### THE PROBLEM
From the first line of the material through the line that holds "Простыня на резинке", repeat each line exactly and skip any picture.

### DATA SHOWN
※

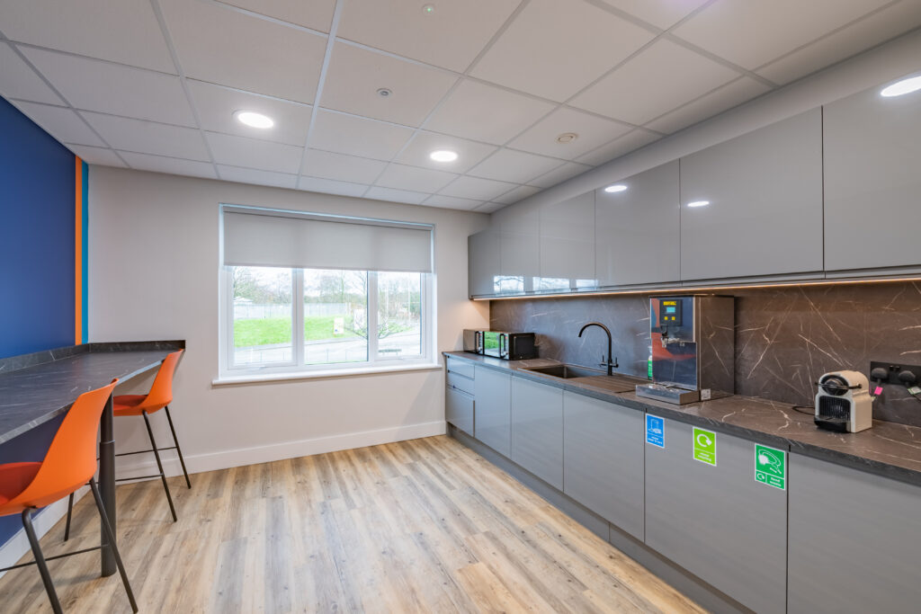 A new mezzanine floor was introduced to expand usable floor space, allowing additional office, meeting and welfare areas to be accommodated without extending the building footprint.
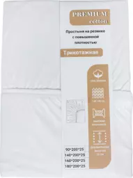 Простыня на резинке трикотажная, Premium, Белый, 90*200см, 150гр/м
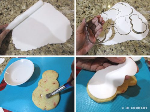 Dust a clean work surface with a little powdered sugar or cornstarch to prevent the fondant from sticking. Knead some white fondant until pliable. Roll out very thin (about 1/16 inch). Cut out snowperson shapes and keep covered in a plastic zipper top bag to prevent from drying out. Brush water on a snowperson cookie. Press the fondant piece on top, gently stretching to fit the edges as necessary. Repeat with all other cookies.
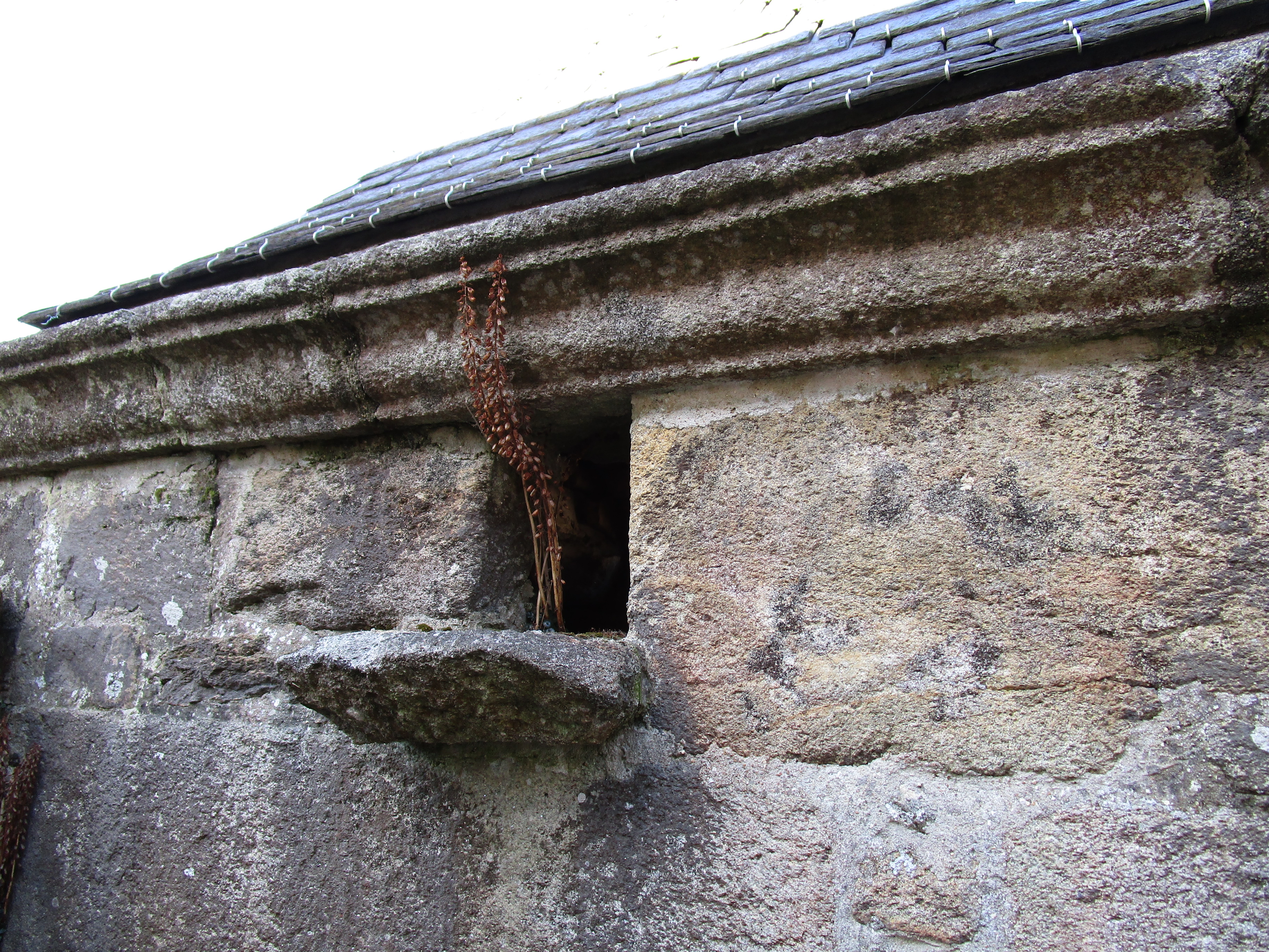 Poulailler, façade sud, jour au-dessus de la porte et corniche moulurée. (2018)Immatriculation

※

### EXERCISE ANSWER
 A new mezzanine floor was introduced to expand usable floor space, allowing additional office, meeting and welfare areas to be accommodated without extending the building footprint.
 Простыня на резинке трикотажная, Premium, Белый, 90*200см, 150гр/м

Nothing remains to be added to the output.